The field of energy management and wireless networks is experiencing significant growth, driven by the increasing demand for sustainable and efficient solutions. Recent developments have focused on improving the performance and reliability of wireless networks, particularly in the context of energy harvesting and buffer-aided relay selection. Additionally, there has been a surge in research on adaptive control strategies for wireless sensor networks, aiming to minimize energy consumption and ensure queue stability. Noteworthy papers in this area include:
- Multi-Task Lifelong Reinforcement Learning for Wireless Sensor Networks, which proposes an adaptive control strategy that leverages lifelong reinforcement learning concepts to optimize data transmission and energy harvesting.

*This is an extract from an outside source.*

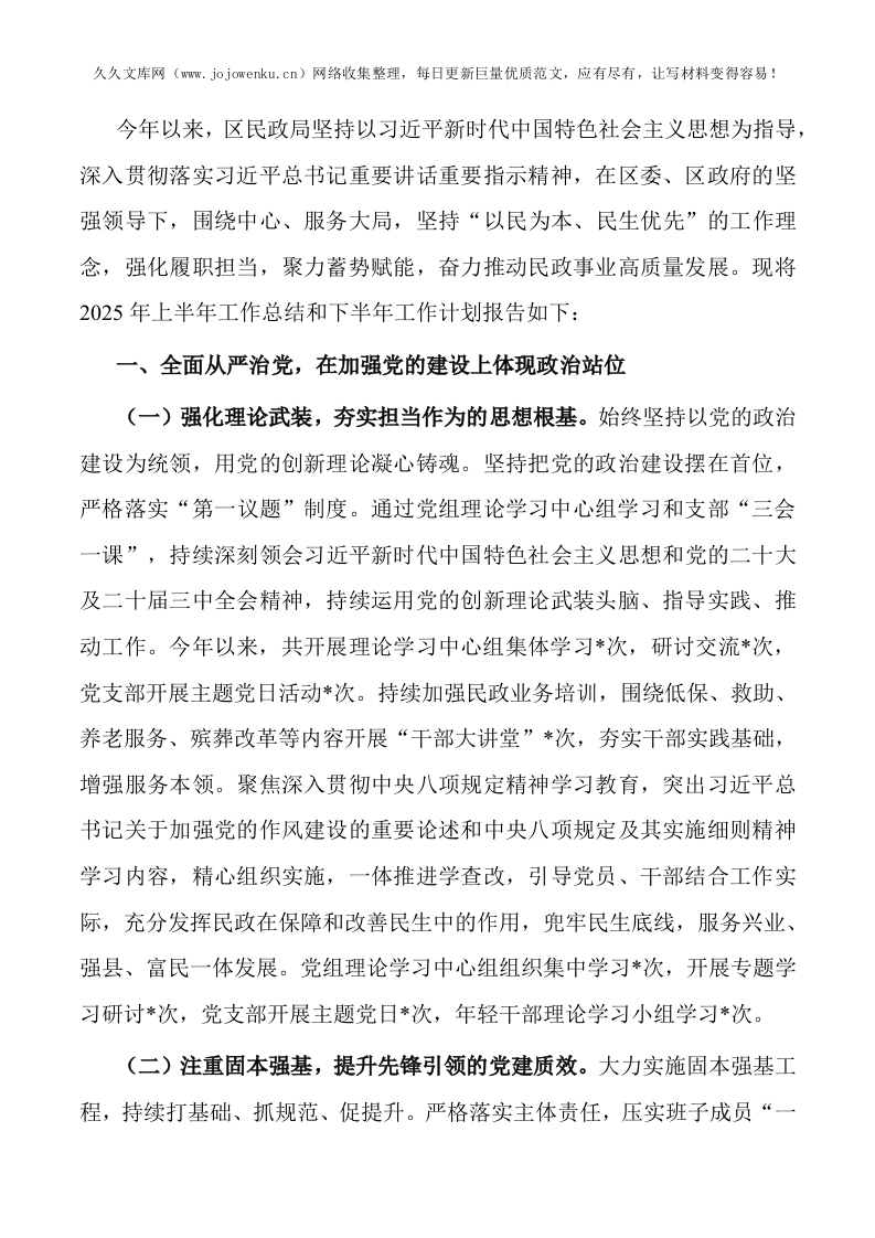 区民政局2025年上半年工作总结及下半年工作计划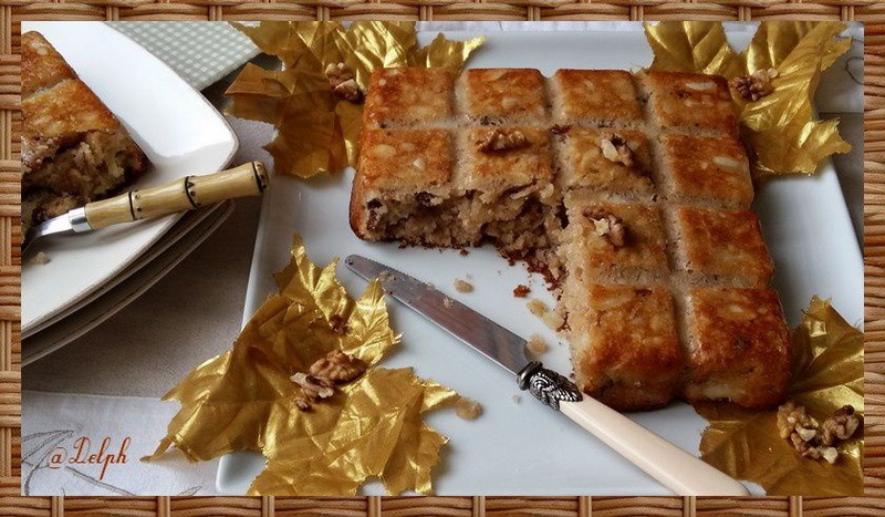 Ce petit gâteau sent bon l’automne en effet ! Pommes et noix un judicieux mariage ! merci ma Delphine ! gros bisous

- Data-Driven Policy Mapping for Safe RL-based Energy Management Systems, which presents a three-step reinforcement learning-based building energy management system that combines clustering, forecasting, and constrained policy learning to address scalability, adaptability, and safety challenges.
- Learning to Solve Parametric Mixed-Integer Optimal Control Problems via Differentiable Predictive Control, which introduces a novel approach to solving input- and state-constrained parametric mixed-integer optimal control problems using Differentiable Predictive Control. These innovative approaches and techniques are expected to play a crucial role in shaping the future of energy management and wireless networks.